The input:
◇ ◇ ◇

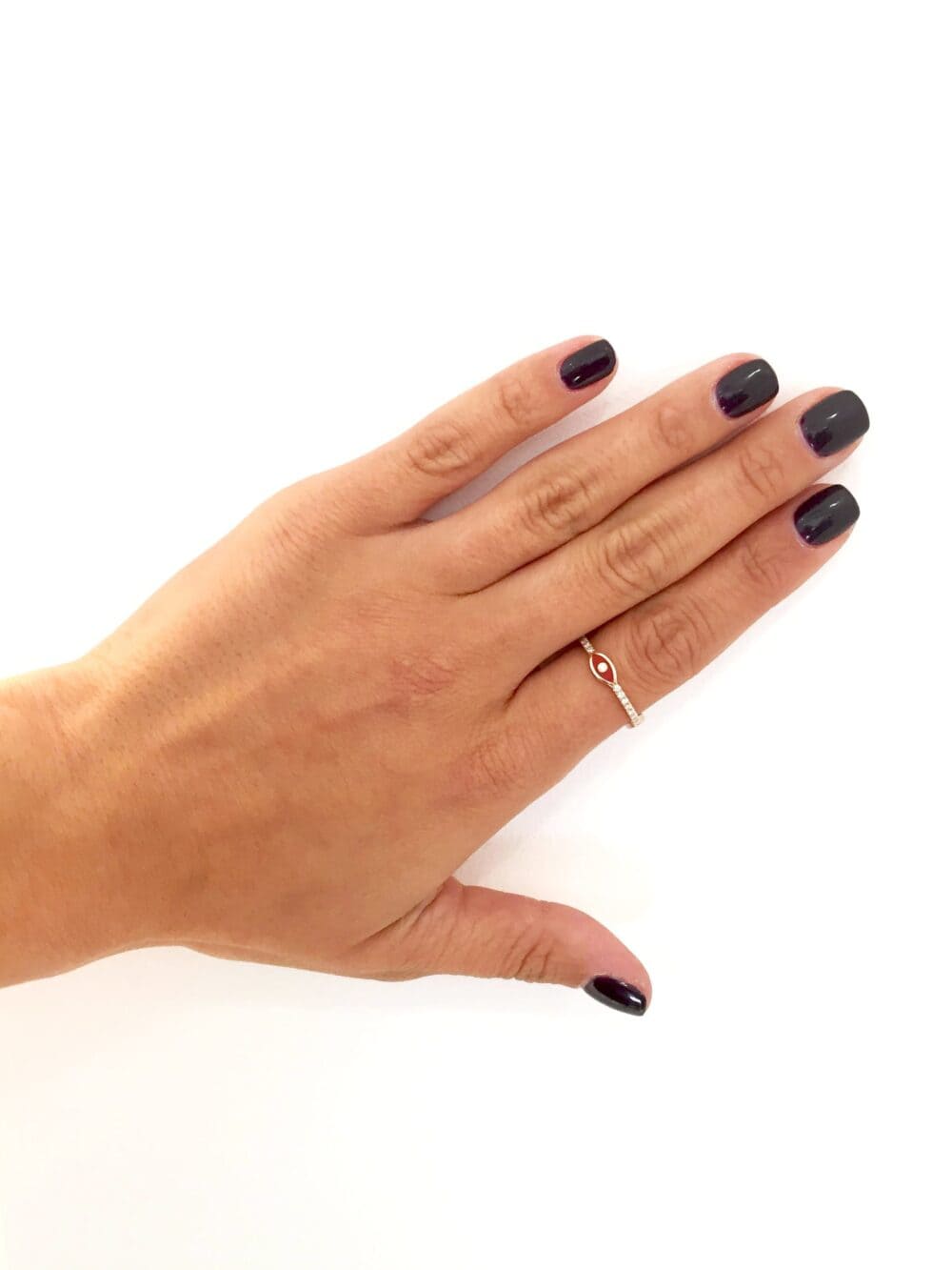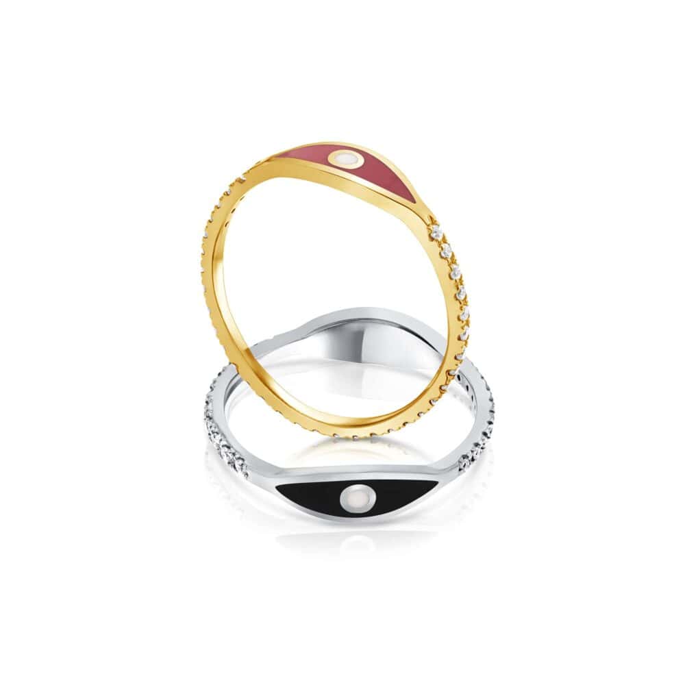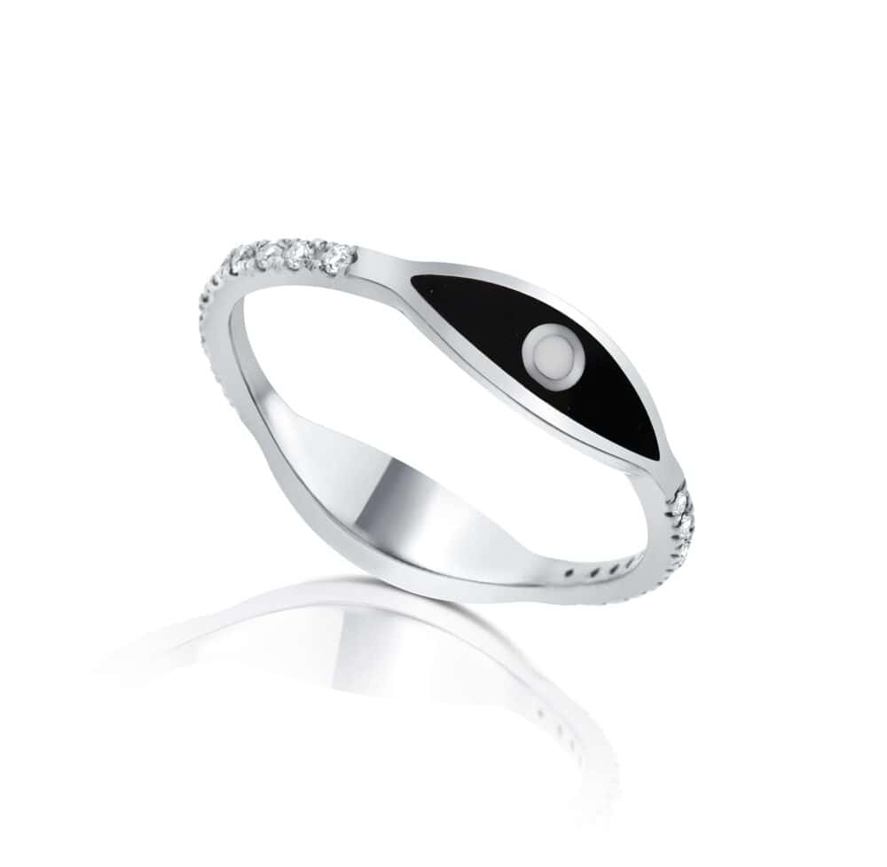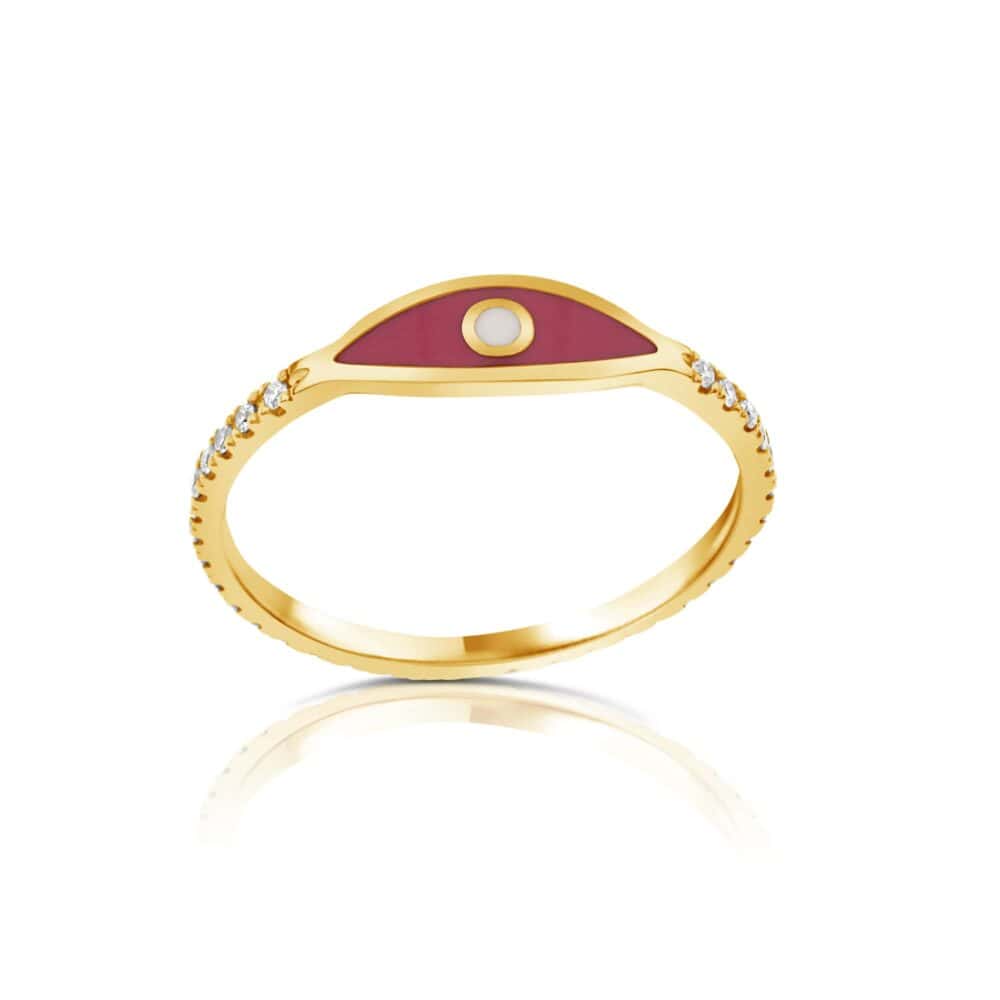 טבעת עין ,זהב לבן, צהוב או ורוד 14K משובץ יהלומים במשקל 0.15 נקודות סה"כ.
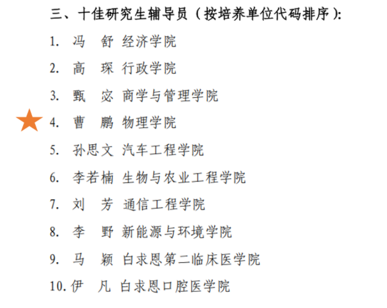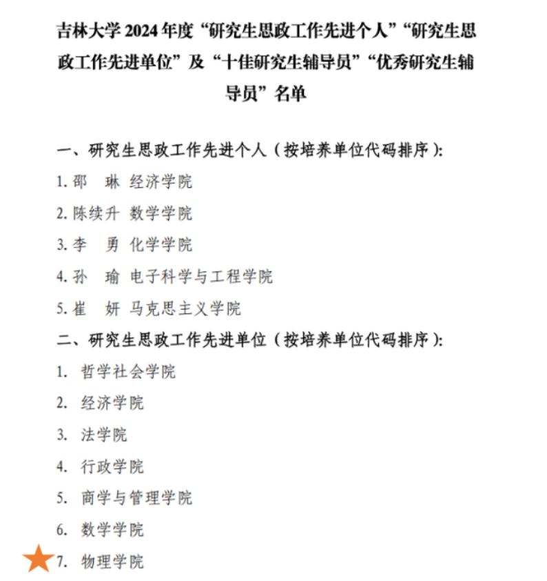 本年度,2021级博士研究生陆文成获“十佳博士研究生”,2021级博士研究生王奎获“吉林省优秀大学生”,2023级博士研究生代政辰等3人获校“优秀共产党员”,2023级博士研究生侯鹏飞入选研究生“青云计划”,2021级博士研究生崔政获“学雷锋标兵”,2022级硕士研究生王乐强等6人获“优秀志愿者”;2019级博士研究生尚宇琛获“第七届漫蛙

◇ ◇ ◇

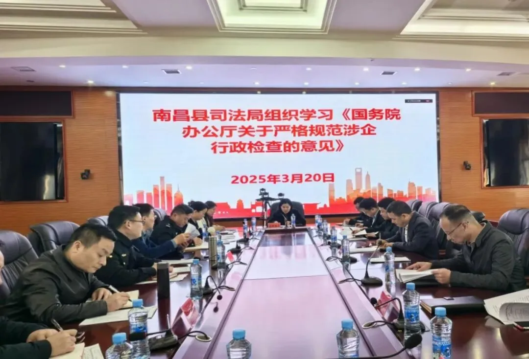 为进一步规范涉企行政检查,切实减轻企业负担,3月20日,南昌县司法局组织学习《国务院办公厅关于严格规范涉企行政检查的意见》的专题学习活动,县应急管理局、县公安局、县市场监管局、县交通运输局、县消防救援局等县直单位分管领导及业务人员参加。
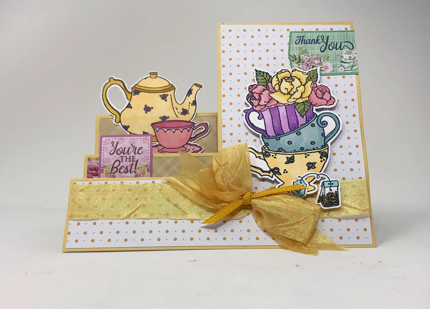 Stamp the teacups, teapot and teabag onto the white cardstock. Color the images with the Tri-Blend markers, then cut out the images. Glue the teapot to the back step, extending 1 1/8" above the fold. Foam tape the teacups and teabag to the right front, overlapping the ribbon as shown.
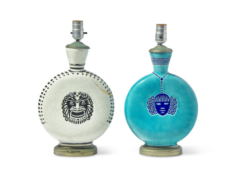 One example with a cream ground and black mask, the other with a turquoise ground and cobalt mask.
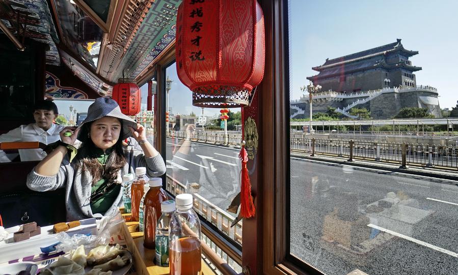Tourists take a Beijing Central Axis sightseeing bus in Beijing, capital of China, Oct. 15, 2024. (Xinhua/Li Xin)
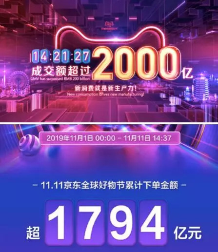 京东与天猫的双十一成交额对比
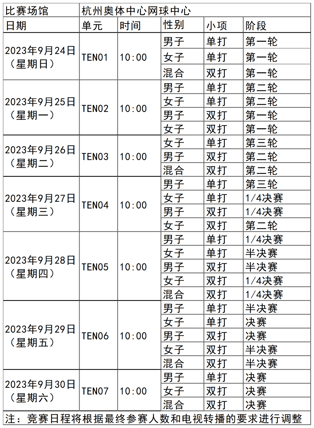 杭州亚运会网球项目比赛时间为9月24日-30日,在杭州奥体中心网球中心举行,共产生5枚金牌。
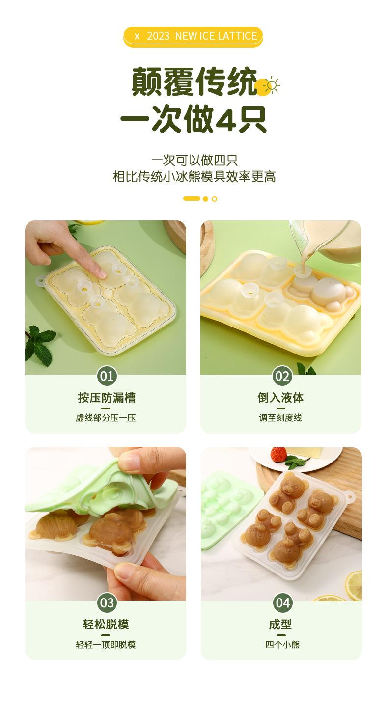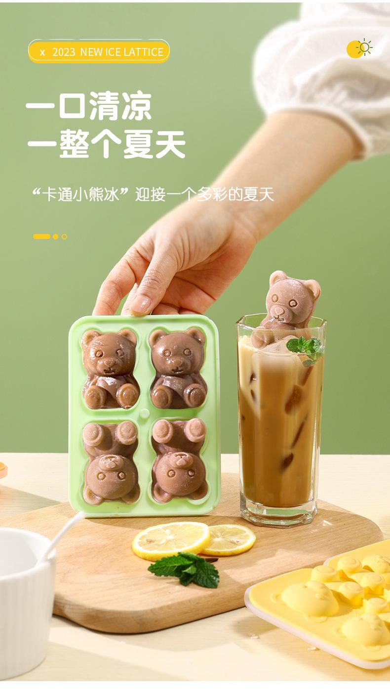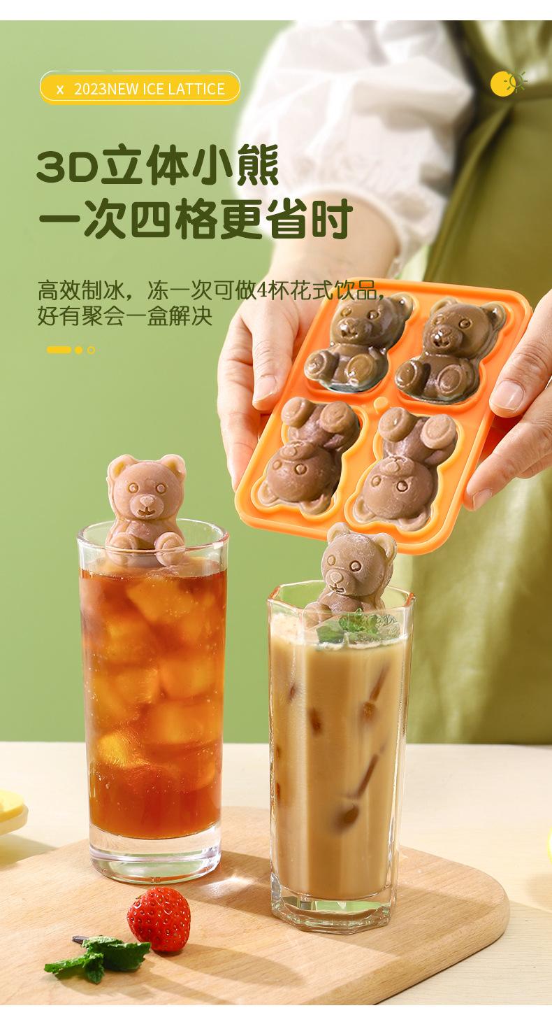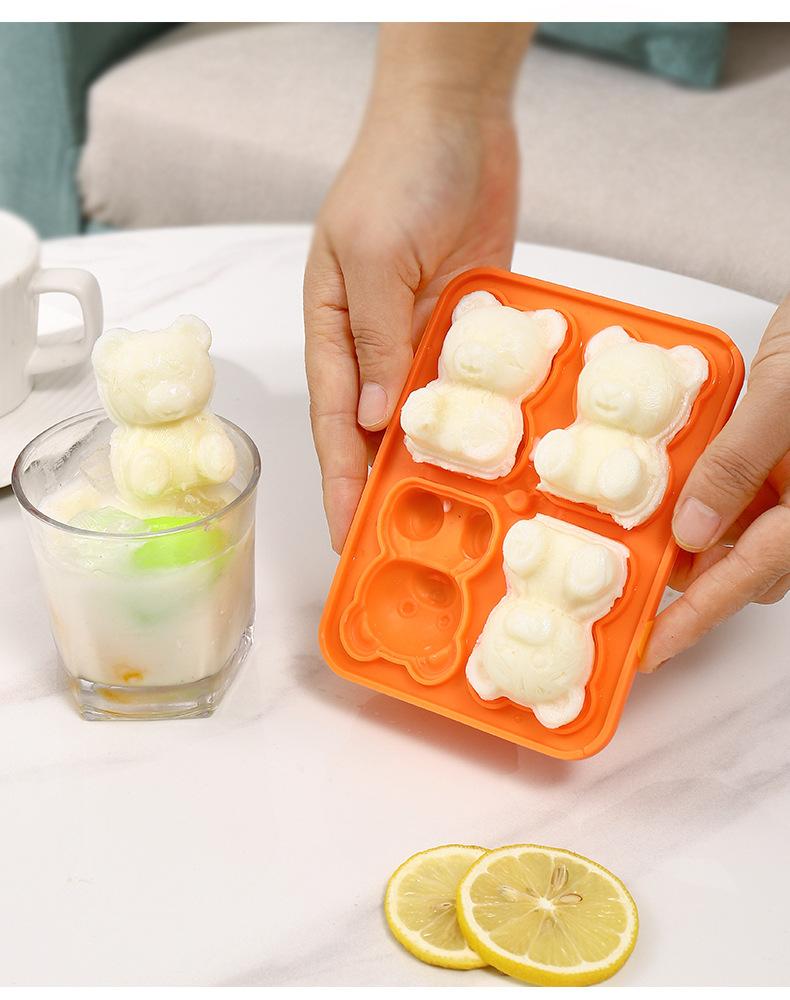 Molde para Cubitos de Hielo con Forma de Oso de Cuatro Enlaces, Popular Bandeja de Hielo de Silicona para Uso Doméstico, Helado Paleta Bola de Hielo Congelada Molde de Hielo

◇ ◇ ◇

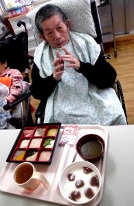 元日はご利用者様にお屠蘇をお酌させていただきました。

◇ ◇ ◇

Work required: Above are some entries; copy exactly the lines from the line with "טבעת עין ,זהב" through the line with "本年度,2021级博士研究生", both included, but none of the pictures.

Completed task:
 טבעת עין ,זהב לבן, צהוב או ורוד 14K משובץ יהלומים במשקל 0.15 נקודות סה"כ.
 本年度,2021级博士研究生陆文成获“十佳博士研究生”,2021级博士研究生王奎获“吉林省优秀大学生”,2023级博士研究生代政辰等3人获校“优秀共产党员”,2023级博士研究生侯鹏飞入选研究生“青云计划”,2021级博士研究生崔政获“学雷锋标兵”,2022级硕士研究生王乐强等6人获“优秀志愿者”;2019级博士研究生尚宇琛获“第七届漫蛙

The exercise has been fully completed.